My rope in the gingko tree. “Don’t worry about that. I have a secret stash.”

“That’s my girl.” He grinned.

“How did you know all of this was here? Or how to use it?”

“They haven’t told you yet?”

“Who? Told me what?”

“You’re in Pseudotsuga’s line. You and your mom and your grandfather. The council passes it down to all of the descendants of the First Council of Maestros.”

“You mean Mom knows about this stuff?”

“Back in the day, I wasn’t the only one who liked the cannabis. Got your mom baked one time and she let a few things slip. I figured out the rest on my own.”

“How? By breaking in? Picking locks?”

He smirked. “What can I say? It’s a gift. But this isn’t the only thing I discovered.”

“Yeah? What else?”

He bit his lip and looked at me a moment. He shook his head and said, “Naw. There’s no point. You’ll be out of here before morning. It won’t matter.”

“Tell me! What else don’t I know?”

He bent close and whispered, two conspirators in the middle of a dark night. “They’ve got books in here. Everything you ever wanted to know about the before times. About the earthwalkers. About the climbing gear. And The Book of Silvanus—”

“So? Who cares about The Book of Silvanus? They teach all of us that duff, those lies. The end of the world. Cannibals. Snow.”

He quirked his lips. “What’s this, Ostrya? You doubt the almighty book? Perhaps you are like your old man after all.”

“Wait—you don’t think it’s true either?”

“I don’t know a thing about the world down there. Don’t know if earthwalkers are still alive or ate each other long ago.
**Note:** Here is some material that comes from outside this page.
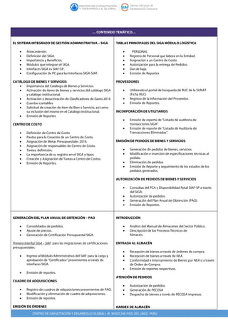 Este documento describe un curso sobre el Sistema Integrado de Gestión Administrativa (SIGA) que se llevará a cabo durante 4 días en octubre. El curso cubrirá módulos como catálogos, centros de costo, personal, proveedores, pedidos, órdenes de compra y almacén. El costo es de S/. 447 para pronto pago o S/. 477 normal, y se aceptan pagos en efectivo, cheque o tarjeta.

What I do know is this—there are pages we’ve never seen locked up in here. Pages written by the First Climbers. Books written before the First Climbers. So much to read, so much we don’t know.”

“So that’s curious because?”

“Why does the council keep all of this knowledge to themselves? What do Butia, Hamamalis, Drypetes, and Wollemia know that we don’t? They teach us about oxygen saturation levels, the lifecycle of an orb weaver, the protein content of a squirrel. What aren’t they teaching us?”

“I don’t know. The truth? They’ve been lying to us for years.”

The laces of the heavy boots cut into my neck. I moved the string to a fresh spot. I didn’t care about any of this. I hadn’t believed The Book of Silvanus for years. To find out now that we didn’t know something, or that some of us didn’t know, only confirmed my disbelief. Butia’s involvement didn’t even surprise me. Nothing surprised me. I was ready to be gone.

“You’re right. They don’t share the books precisely because they don’t want us to know the truth. Ever since the First Climbers, the council has handed down secrets from one generation to the next. These books are just the tip of the conspiracy.”

Yew’s eyes gleamed, pupils huge in his gray face, and I realized he was drunk. I’d briefly glimpsed the father I once had. For the first time in years, he’d helped me as a father should. He’d taught me a few things and we shared a moment, but abuse of drugs and booze had addled his brain. He was paranoid and suspicious. And my time was limited.

“I need to go.”

He looked away and when he turned back to face me, the candlelight glinted off his wet eyes. For the first time in eight years, I reached out and hugged my father.

“I love you, baby girl. My fierce climber. You’ll never know how much.”

“I love you, too, Dad.” I grabbed the climbing gear and didn’t look back.